Dandy rested his weight on his good leg and swung his shorter one a little ahead. And his hand went to the loose front of his white shirt.
“Now that’s a right unfriendly move, suh. I take it right unfriendly to show hardware ’fore you know the paint on our faces—”
The smaller man’s hand fell away from his concealed weapon, but Kirby did not reholster the Colt which had appeared through some feat of lightning movement in his grip.
“You’re not going to take my horses!” Even if there was no gun in Dandy’s hand, his voice stated a fact they could not doubt he meant.

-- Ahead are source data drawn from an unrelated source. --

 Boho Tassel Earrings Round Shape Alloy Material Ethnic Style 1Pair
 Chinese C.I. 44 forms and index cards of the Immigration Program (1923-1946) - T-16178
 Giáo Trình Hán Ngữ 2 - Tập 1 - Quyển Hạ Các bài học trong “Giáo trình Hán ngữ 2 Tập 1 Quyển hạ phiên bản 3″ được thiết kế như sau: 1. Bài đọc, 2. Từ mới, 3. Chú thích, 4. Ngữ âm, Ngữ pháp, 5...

“Nobody’s takin’ hosses,” the Texan answered. “This heah soldier’s got him a mighty sore head, an’ he needs some fixin’. We ain’t too popular round heah right now, an’ he can’t ride. So—”

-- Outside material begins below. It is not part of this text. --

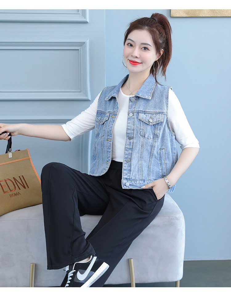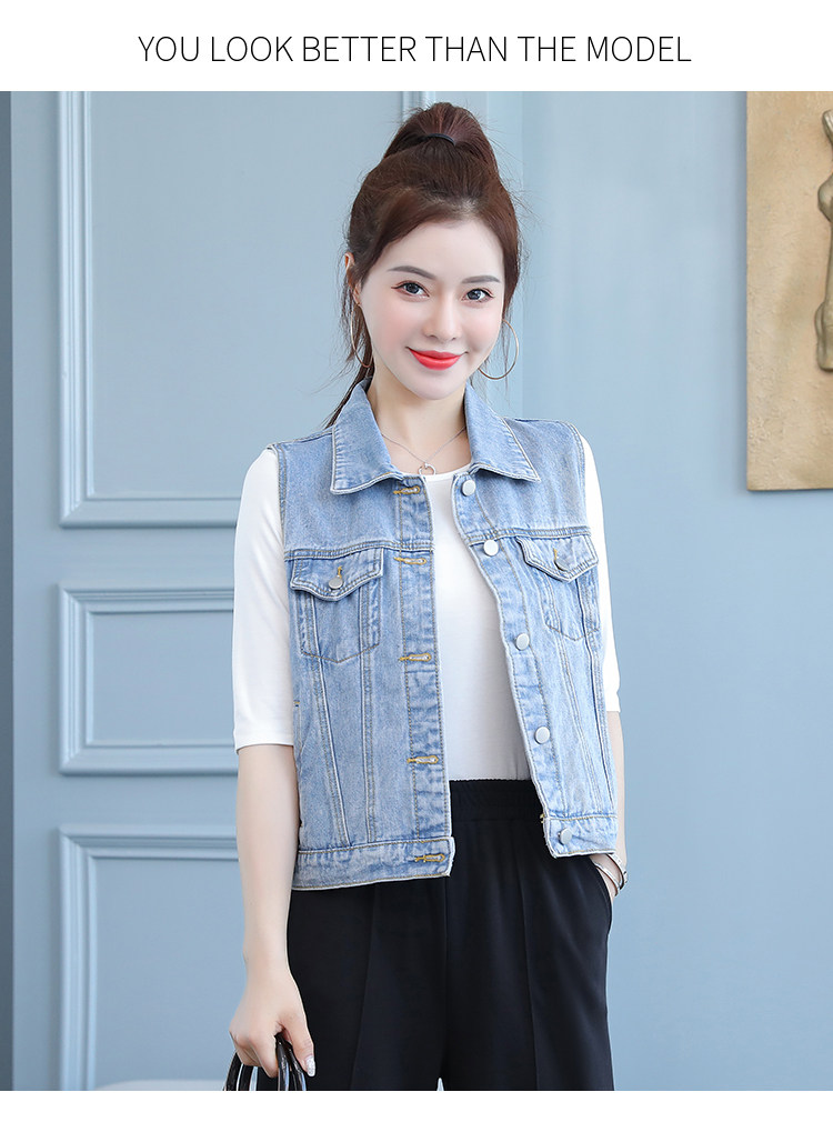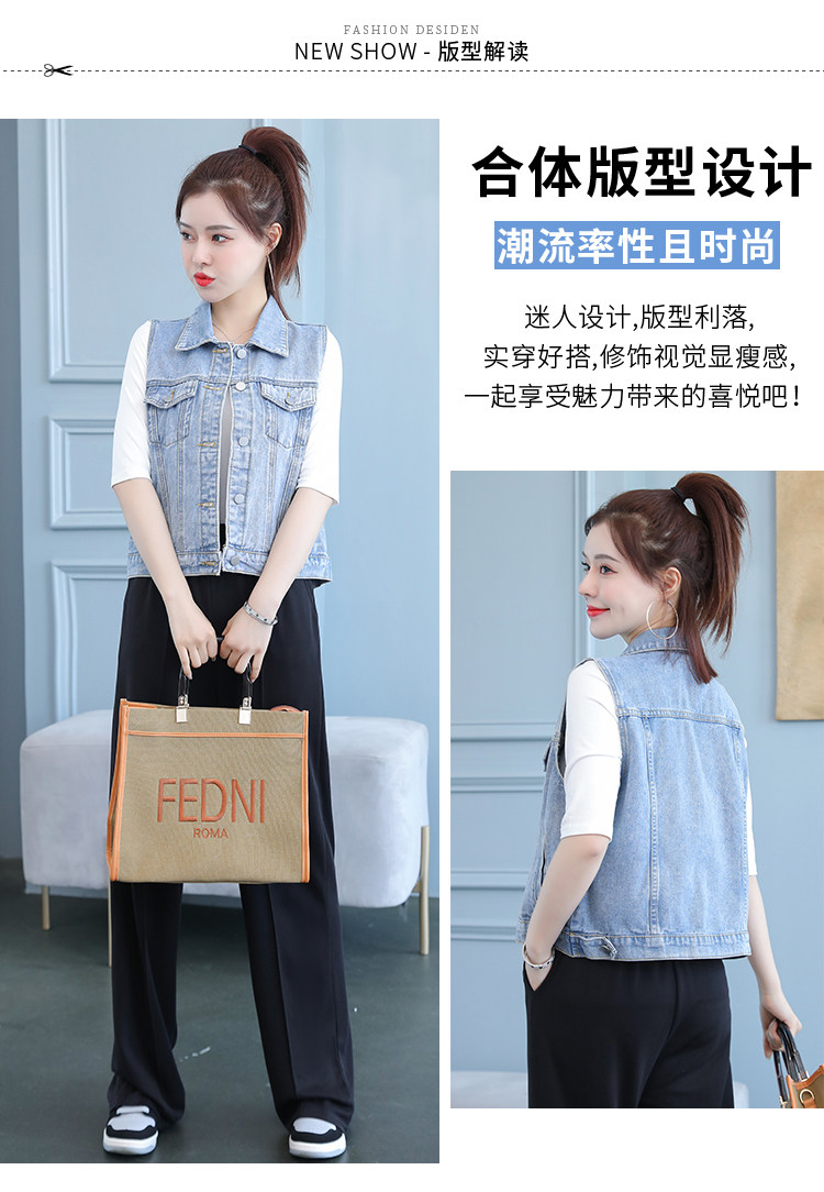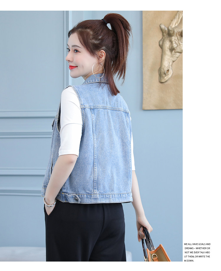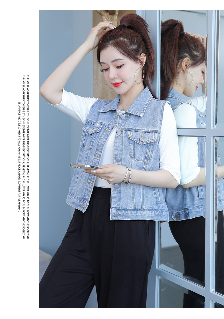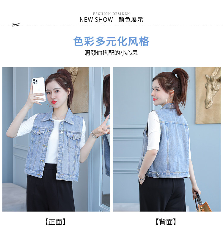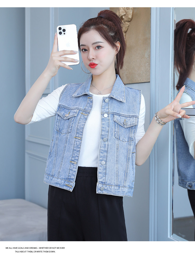 实拍2021夏季新款女士牛仔外套韩版百搭背心开衫无袖上衣潮酷夹克

Boyd pushed up. “Mr. Dandy, you know me—Boyd Barrett. And this is Drew Rennie. We have Yankees after us. And you never said you were Union—”
Dandy shrugged. “No matter to me what you wear…blue…gray—you’re all a bunch of horse thieves, like as not. You, Mr. Boyd, what you doing riding with these here Rebs? And what’s the matter with that man? Got him a lick on the head, eh? Well—” he crossed with his lurching walk to stand by Drew, studying the now unconscious Croxton—“all right.” His voice was angry, as if he were being pushed along a path he disliked. “Get him into the stable. I ain’t yet took sides in this here bloody war, and I ain’t going to now. But the man’s hurt. Unload him and don’t tell me what he’s been doing back there to get him that knock. I don’t want to know.”
He led the way into the stable, and moments later Croxton was as easy as they could make him on an improvised bed of straw and clean horse blankets. Dandy turned to them with Croxton’s gun belt swinging free in his hand, still weighted down with two revolvers.
“You want these?”
Drew glanced at his two companions. His own carbine was gone; he had dropped it at the verge of the millpond when he had taken charge of Croxton. Boyd was without any weapons, and Kirby had only side arms. Drew started to reach for the belt and then shook his head. If Sam was able to ride soon, he would need those. And the rest of them could take their chances at getting more arms. Boyd opened his mouth as if to protest, but he did not say anything as Drew refused the Colts.